Flying straight in at No.1 is This is Really Going To Hurt (Island Records), the second album from London based indie-folk-rock band, Flyte. The three friends Will Taylor, Jon Supran and Nick Hill are renowned for their complex and rich vocal arrangements and melodies with lyrics steeped in literary imagery. Pain is often the greatest source of inspiration as it was for this album when lead singer Taylor found himself at the end of an eight-year relationship laying the foundations for a recording steeped in heartbreak and deep emotion. An honest and personal album with beautiful three-part harmonies and a voice that feels fragile yet urgently contemporary.

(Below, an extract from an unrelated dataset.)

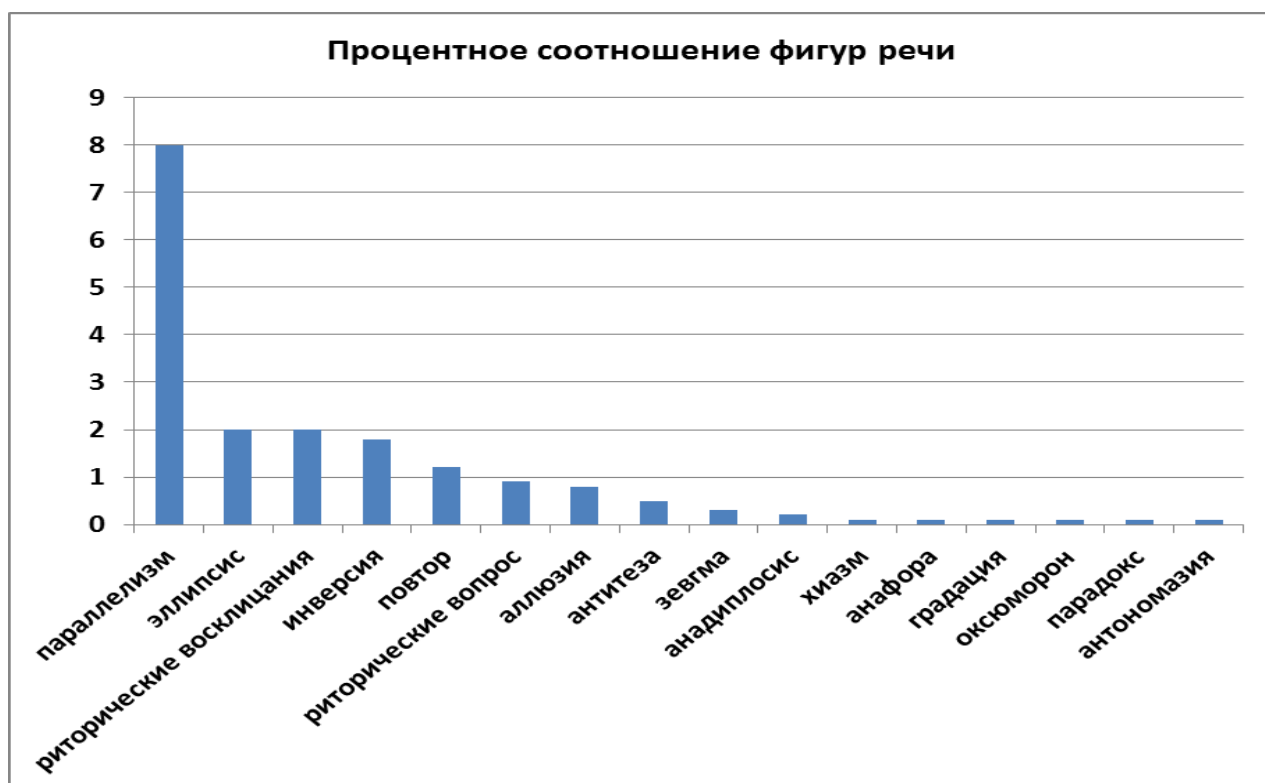
Таблица № 2. Процентное соотношение фигур речи в романе М. Твена «The Adventures of Tom Sawyer».

Анализ функциональной принадлежности языковых средств выразительности, представленных в исследованном романе, позволяет заключить, что подавляющее количество языковых средств выразительности (49,3%) выполняют экспрессивную функцию, т.е. способствуют отражению авторского видения предмета, выражению оценки или отношения к предмету, отражению внутреннего состояния персонажей, а также изображению предметов с непривычной стороны. Исходя из результатов исследования, далее идут средства выразительности (29,3%), выполняющие смысловую функцию, т.е. способствующие передаче новой смысловой нагрузки слова. Наименьшее количество выразительных средств (21,4%) выполняют стилистическую функцию, т.е. помогают автору придать определенную стилистическую окраску тексту, а также способствуют созданию комического эффекта.

Still writing and touring at the age of 85 with an unbroken 68-year career in music, Peggy Seeger is a monumental figure in folk music. Her 24th solo album First Farewell (Red Grape Music)lands at No.5 cementing her place as one of the most inspiring female artists of any genre and age. With storytelling running through her bones and an unshakable belief that music is activism (she is known as a campaigner environmental, social and feminist issues), the album comprises new, powerful songs both personal and political: Life-long love; the invisibility of old age; the joys of not giving a damn anymore; loneliness; young male suicide; modern slavery; social media addiction and a tongue in cheek twist on the Cinderella story. The album is also the first to be written and recorded entirely with Peggy’s immediate family members – sons Calum and Neill MacColl (established musicians & songwriters) and daughter-in-law Kate St John. It’s also her first album to reference her roots as a classically trained pianist rather than entirely as a folk musician.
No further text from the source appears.